Which is greater, performing a mitzvah without the requisite intention, or having the intention but failing to do the mitzvah?  For example, a fellow really wants to eat matzah on Pesach but is unable to do so due to circumstances beyond his control. Maybe he’s lost at sea, locked away in prison, or his declining health does not allow him to eat matzah.  Another person has no interest in eating matzah, but does so anyway. Maybe he happens to eat what he believes to be crackers during the week of Pesach and it turned out to be matzah. Or maybe his bread didn’t rise as planned, and when he thought he was eating chametz, it was really matzah.

Of these two types of scenarios, which is preferred? No doubt that in the ideal world a person should have both the proper intentions and the proper actions.  But when push comes to shove, which is primary, the action or the intentions?

Towards the end of Parshat Nitzavim the Torah tells us:

Surely, this commandment which I enjoin upon you this day is not too baffling for you, nor is it beyond reach. It is not in the heavens, that you should say, “Who among us can go up to the heavens and get it for us and impart it to us, that we may observe it?”  Neither is it beyond the sea, that you should say, “Who among us can cross to the other side of the sea and get it for us and impart it to us, that we may observe it?” No, the thing is very close to you, in your mouth and in your heart, to observe it. (Devarim 30”11-14)
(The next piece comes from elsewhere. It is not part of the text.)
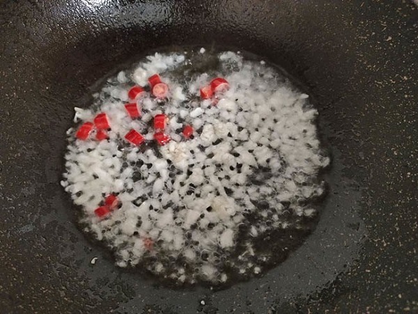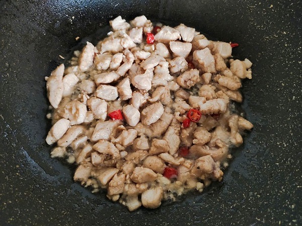 - Cho một chút dầu vào chảo, đổ tỏi vào phi cho thơm. Nếu ăn được cay, có thể xào cùng một vài lát ớt. Đổ gà vào chiên cho đến khi thịt chuyển màu, săn lại.
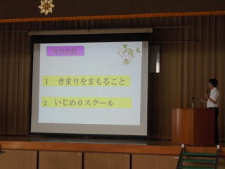 校長先生からは「きまりをまもること」「いじめ0スクール」についてのお話をいただきました。

The Bechor Shor shares a powerful lesson with regards to the verse’s usage of the words mouth and heart.  The mouth represents action and the heart represents intent. A person needs both. The Bechor Shor writes that if a mitzvah is performed without intent it is “Aino Klum,” it is worthless.  However a mitzvah that is not performed at all, but the intention was there, is “Aino Kol Kach,” is not much.

Not much is better than nothing.  The Bechor Shor is telling us that the intentions are more important than the action.  God wants our hearts, not our words and actions. While one could perhaps argue that for some commandments like feeding the poor and building a fence around one’s house it is the actions that are the most important.  Nonetheless, in the season of Teshuva, repentance, in which we currently find ourselves, we must head this lesson of the Bechor Shor and focus our hearts in serving our Master in Heaven.